Task instructions:
Omit the pictures and return exactly the stretch of the material below from the line with "Spirit – Hästen" through the line with "遊戲中最高價的符號是紫色燈籠".

-- Dataset records follows --

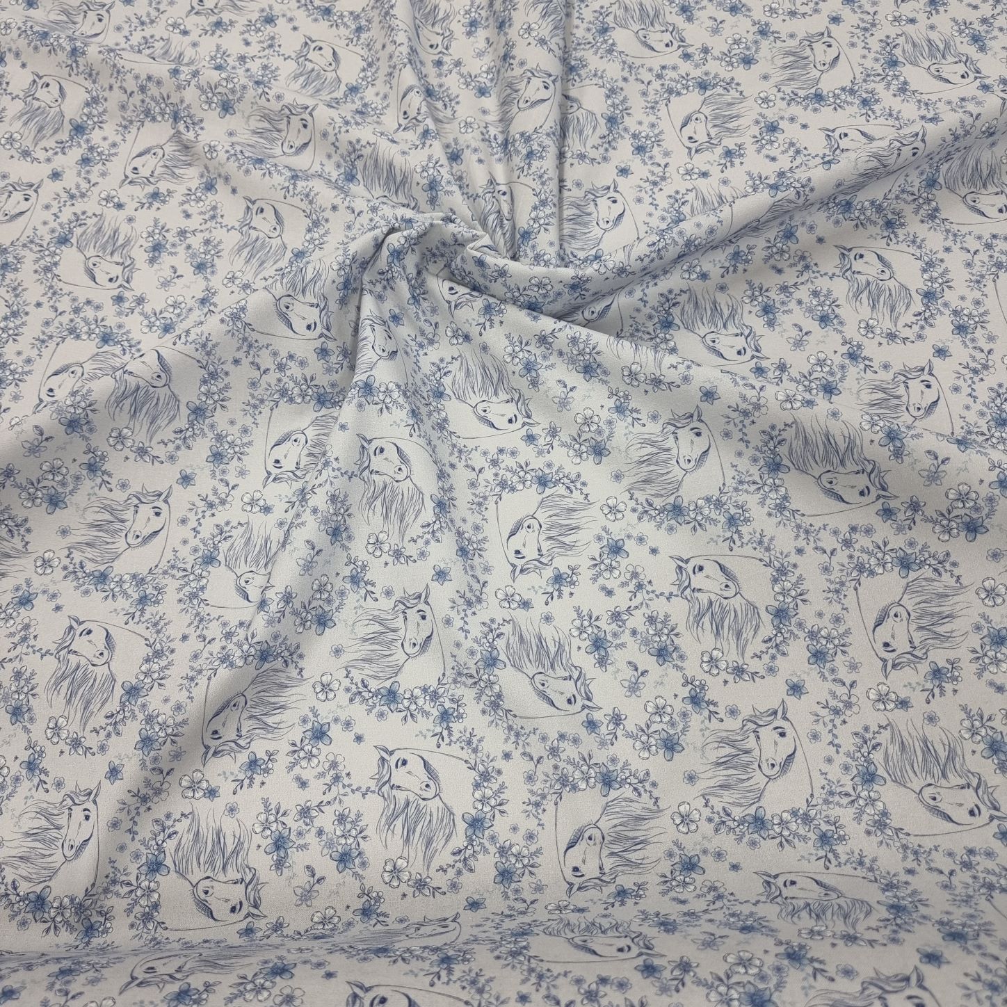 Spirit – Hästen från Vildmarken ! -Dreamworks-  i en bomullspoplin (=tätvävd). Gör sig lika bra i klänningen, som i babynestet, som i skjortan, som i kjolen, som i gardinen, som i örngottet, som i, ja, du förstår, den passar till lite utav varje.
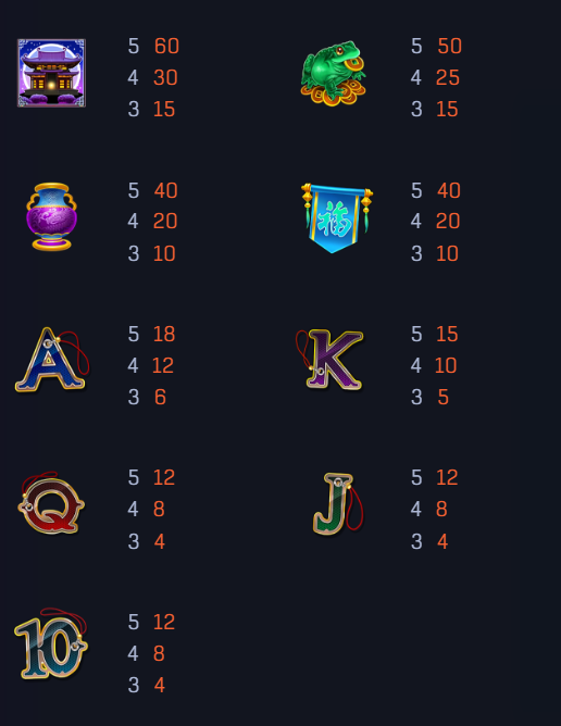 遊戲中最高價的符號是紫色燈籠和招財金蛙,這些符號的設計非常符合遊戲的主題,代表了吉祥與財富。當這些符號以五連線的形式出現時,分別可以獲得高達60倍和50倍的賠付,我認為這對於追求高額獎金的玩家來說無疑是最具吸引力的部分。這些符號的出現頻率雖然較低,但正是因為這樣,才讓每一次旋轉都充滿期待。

-- Dataset records concluded --
-- Dataset records follows --

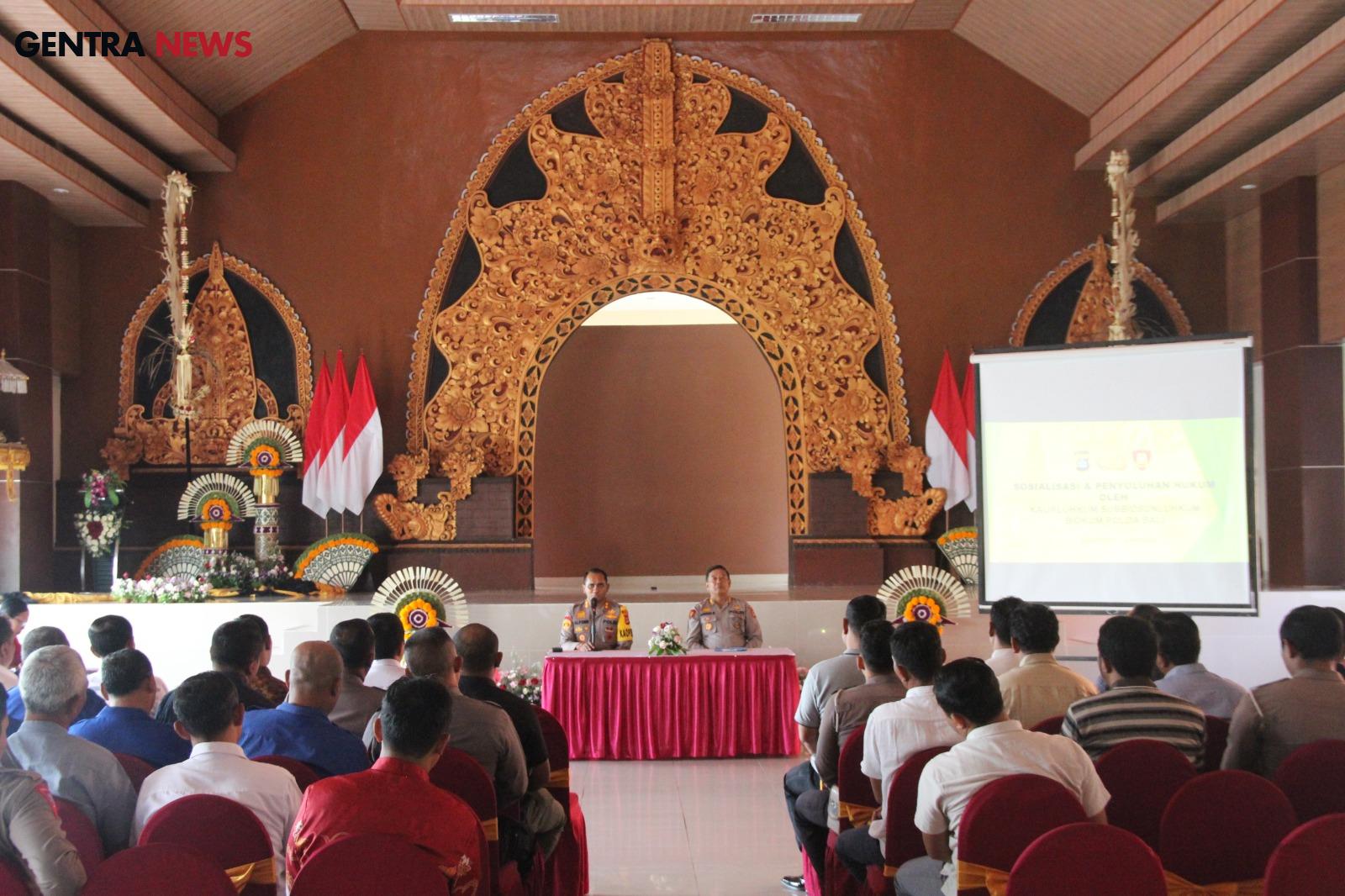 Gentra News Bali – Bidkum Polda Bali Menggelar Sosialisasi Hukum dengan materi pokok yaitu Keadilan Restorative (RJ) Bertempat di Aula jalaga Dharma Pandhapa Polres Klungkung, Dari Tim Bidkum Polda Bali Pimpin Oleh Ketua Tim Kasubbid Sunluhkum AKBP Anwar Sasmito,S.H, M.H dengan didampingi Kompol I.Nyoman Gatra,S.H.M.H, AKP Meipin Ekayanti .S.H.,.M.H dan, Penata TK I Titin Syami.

-- Dataset records concluded --

Problem solution:
 Spirit – Hästen från Vildmarken ! -Dreamworks-  i en bomullspoplin (=tätvävd). Gör sig lika bra i klänningen, som i babynestet, som i skjortan, som i kjolen, som i gardinen, som i örngottet, som i, ja, du förstår, den passar till lite utav varje.
 遊戲中最高價的符號是紫色燈籠和招財金蛙,這些符號的設計非常符合遊戲的主題,代表了吉祥與財富。當這些符號以五連線的形式出現時,分別可以獲得高達60倍和50倍的賠付,我認為這對於追求高額獎金的玩家來說無疑是最具吸引力的部分。這些符號的出現頻率雖然較低,但正是因為這樣,才讓每一次旋轉都充滿期待。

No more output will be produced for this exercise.